The UK’s massively indebted government took a body blow from the financiers, one influential ratings agency signaling its fear that the UK is borrowing more than it can afford.

"Sell Sloanes," cried the FT, referring to the well-heeled residents of London's poshest borough. Kensington and Chelsea risks losing its top-rated borrower status, along with the UK.

The ratings agency Standard and Poors lowered its outlook on the UK from stable to negative.

Specifically, S&P has concerns about how quickly the UK can repair its balance sheet - given the loss of tax revenues and the failure to cut spending.


The UK Treasury says it's already thought of that.

"The Budget set out a clear plan to halve the deficit in five years. That judgement was based on a deliberately cautious view of the public finances," the Treasury told Reuters.

But just a day ago UK finance minister Darling Alistair was saying the recession would be over by the year's end.

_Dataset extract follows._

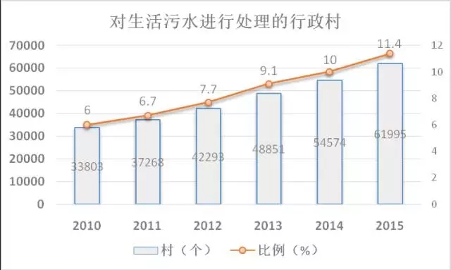 至2015年,全國仍有近90%的行政村未進行污水處理設(shè)施建設(shè),市場空間極大!
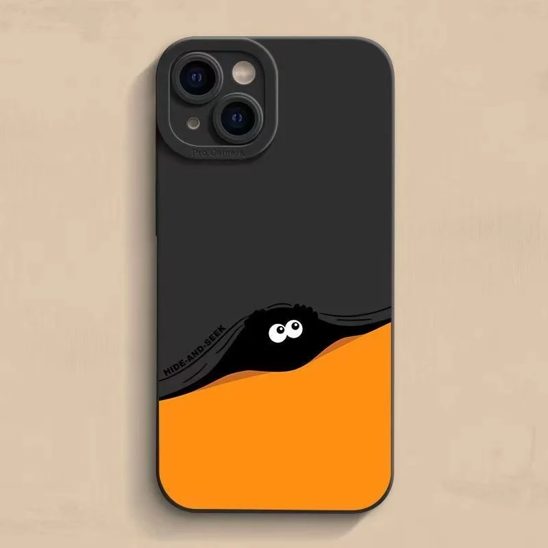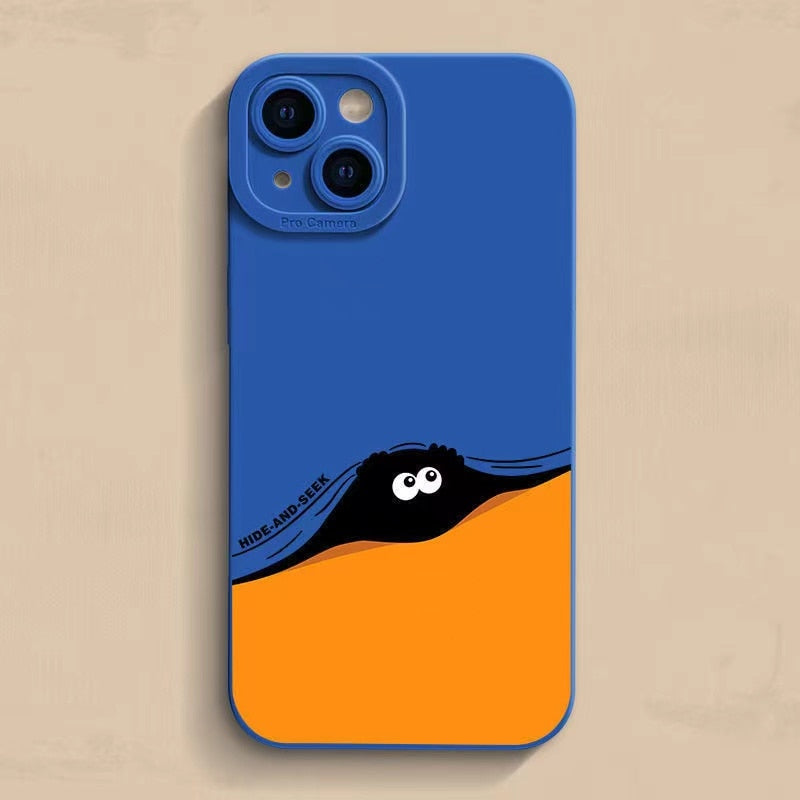 Funny Hide and Seek Color Block Silicone Soft Case For iPhone 14 13 12 series

In place of bowler-hatted caution, the minister is getting high on hogmanay.


Darling is one half of the Scottish double act in 10 and 11 Downing Street. Together they are steering the UK towards the rocks. Economist George Magnus of UBS in the FT says they're not alone. The world's bankers and politicians are trying to accelerate their economies in a sea afloat with icebergs:

* The structural credit system dysfunction in advanced economies hasn’t been fixed yet.
* The great debt restructuring, especially of mortgages, has barely begun.
* Optimism about emerging markets has to be tempered to the extent that they rely on exports to western consumers, whose spending and borrowing will remain subdued.

The UK government plans to borrow 220 Billion pounds this financial year. And the need to hold a general election next year has clearly influenced the Treasury not to cut public spending or boost taxes by enough to plug the deficit.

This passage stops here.